DATA SUPPLIED:
==================================================
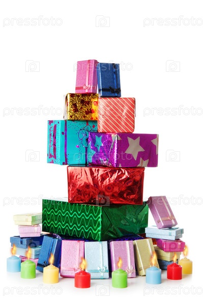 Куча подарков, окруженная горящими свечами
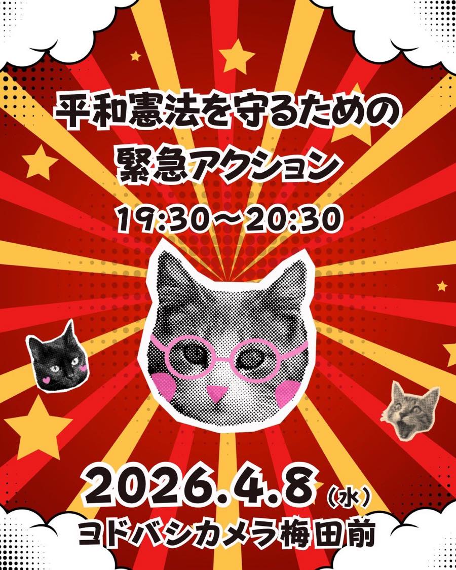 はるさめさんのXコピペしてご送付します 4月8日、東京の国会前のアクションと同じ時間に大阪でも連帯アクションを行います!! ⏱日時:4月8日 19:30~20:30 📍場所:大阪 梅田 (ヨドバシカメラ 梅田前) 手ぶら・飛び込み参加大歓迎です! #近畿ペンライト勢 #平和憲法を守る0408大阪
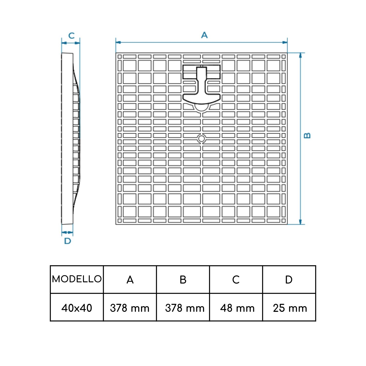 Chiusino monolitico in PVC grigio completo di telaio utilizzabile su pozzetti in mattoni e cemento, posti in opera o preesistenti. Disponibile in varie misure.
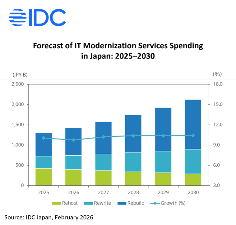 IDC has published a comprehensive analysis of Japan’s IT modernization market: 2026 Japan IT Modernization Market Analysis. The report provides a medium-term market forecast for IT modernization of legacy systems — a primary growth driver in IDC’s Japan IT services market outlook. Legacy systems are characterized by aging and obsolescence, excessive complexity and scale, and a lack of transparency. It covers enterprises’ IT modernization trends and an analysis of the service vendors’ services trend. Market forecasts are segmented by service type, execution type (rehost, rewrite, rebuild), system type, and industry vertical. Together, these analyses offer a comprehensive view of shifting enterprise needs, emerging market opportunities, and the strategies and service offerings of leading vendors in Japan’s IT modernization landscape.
==================================================
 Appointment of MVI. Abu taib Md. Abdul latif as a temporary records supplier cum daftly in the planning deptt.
==================================================
ACTION ITEM: Copy out exactly the lines above beginning with the line that contains "Куча подарков, окруженная горящими свечами" and finishing with the line that contains "Chiusino monolitico in", including both; leave the pictures out.

ANSWER SECTION:
 Куча подарков, окруженная горящими свечами
 はるさめさんのXコピペしてご送付します 4月8日、東京の国会前のアクションと同じ時間に大阪でも連帯アクションを行います!! ⏱日時:4月8日 19:30~20:30 📍場所:大阪 梅田 (ヨドバシカメラ 梅田前) 手ぶら・飛び込み参加大歓迎です! #近畿ペンライト勢 #平和憲法を守る0408大阪
 Chiusino monolitico in PVC grigio completo di telaio utilizzabile su pozzetti in mattoni e cemento, posti in opera o preesistenti. Disponibile in varie misure.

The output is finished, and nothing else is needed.